Providers are used to generating a fairly small amount of data on a routine office visit. They take a blood pressure and temperature, maybe height and weight, but really if a patient is measuring their own data on a continuous basis, that introduces quite a bit more data.

There needs to be new methods and tools for filtering through that data to look for the exceptions and the outliers, because reviewing tons of data is hard, and that's not something that clinicians are going to do. They need to have their attention drawn to the parts of the data stream that need their attention.

The paradigm shift of figuring out how to handle this data, what to do with it, and how to turn that into better outcomes, is I think the biggest challenge that we'll be addressing.

Jessica:  I think beyond that too, it's sort of a thought process shift in where we've been. The provider market really has focused so much on transactional issues and responding to acute care conditions and accurate care situations that the prevalence and rate of chronic conditions are growing across the world.

The need for massive amounts of data on an aggregate level, but also massive amounts, as Drew says, more on the individual level as we generate more and more patient-generated health data with devices that we can leverage regularly, just massive amounts of that data and how it's going to get leveraged and looked at to solve these clinical problems is huge.

I also think that as it gets constructed, and as it gets aggregated and analyzed, there's other complexities to that, and ensuring that data, we have to be prepared for how that works.

Drew:  I think integration of data is important for clinical care for a lot of reasons. The reasons that we've traditionally thought of, is that the data should follow the patient on their journey through the health care system.

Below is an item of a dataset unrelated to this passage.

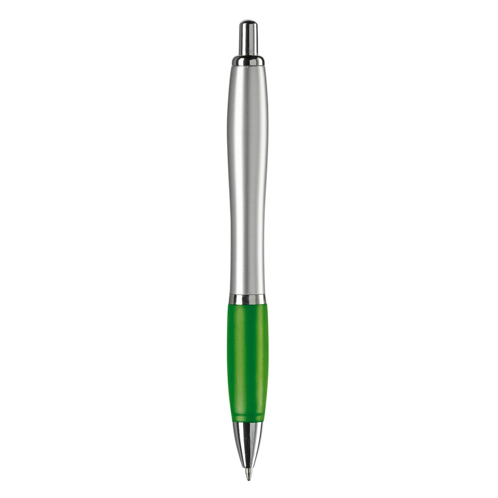 Zilveren balpen met metalen clip, gekleurde grip en een 'metal-look' drukknop, ring en punt. De pen bevat een blauwschrijvende Jumbo vulling.
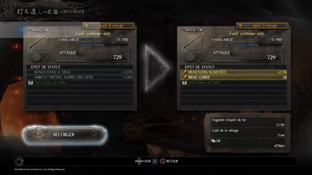 Par exemple, ici, la pièce d’armure va être fusionnée avec une autre du même type. Ainsi, le « insérer nom » gagnera en défense et sera par conséquent toujours utile face aux ennemis qui deviennent encore plus puissants. Ce procédé s’applique à toutes les armes et armures, à condition d’avoir l’argent nécessaire.

Because that data represents what's going on with the patient, and therefore any discontinuity in the data flow represents potential hand-off error as the patient goes through the health care system.

For example, if a patient is discharged from a hospital and goes into long-term care, if that care summary or discharge instructions has to be printed out and sent with the patient, that's an opportunity for it to get mishandled, lost, or misread.

Whereas if it's electronically transferred, it can go straight from one organization's record keeping system to the next, and that improves the care. That's what we're used to focusing on. As patient-generated data comes into play, that actually extends the integration problem outside of the health care system, and into the consumer system or into actually the patients' homes.

You can begin combining lots of things, not just health care data, but all of their other data that they generate as part of living a digital life, into their overall care plan. Things like figuring out how active they are, where they're going, when they're going, what their eating and sleeping habits are.

These are all things that can get rolled into the overall patient profile and leveraged to produce better outcomes. We don't know how to do that yet, nobody's really tried as far as I know, but for sure one of the foundational technologies to enable that, will be getting the data into a single place. That's where interoperability comes in.

Jessica:  Then being able to share it beyond just the individuals themselves, with their family members, and their employer, so that those other people invested in their care and in their clinical outcomes can help leverage the data in ways that will also solve clinical outcomes and provide health and wellness benefits.

Drew:  So far we've been talking about almost like individual units of patient-generated data, which can help in a lot of scenarios, but we haven't really talked about is getting all that data into one place and then doing analytics on it, because big data is kind of the short-hand answer for how do we take what we've learned through all of these new inputs that we have, and use technology itself to figure out some insights about the patterns that are in that data, that may not be obvious to a human reader of the data.

It's not just a concern with individual patients, it's really, it can turn into a way for health care itself to learn about entire populations of patients based on the data that's collected across the population.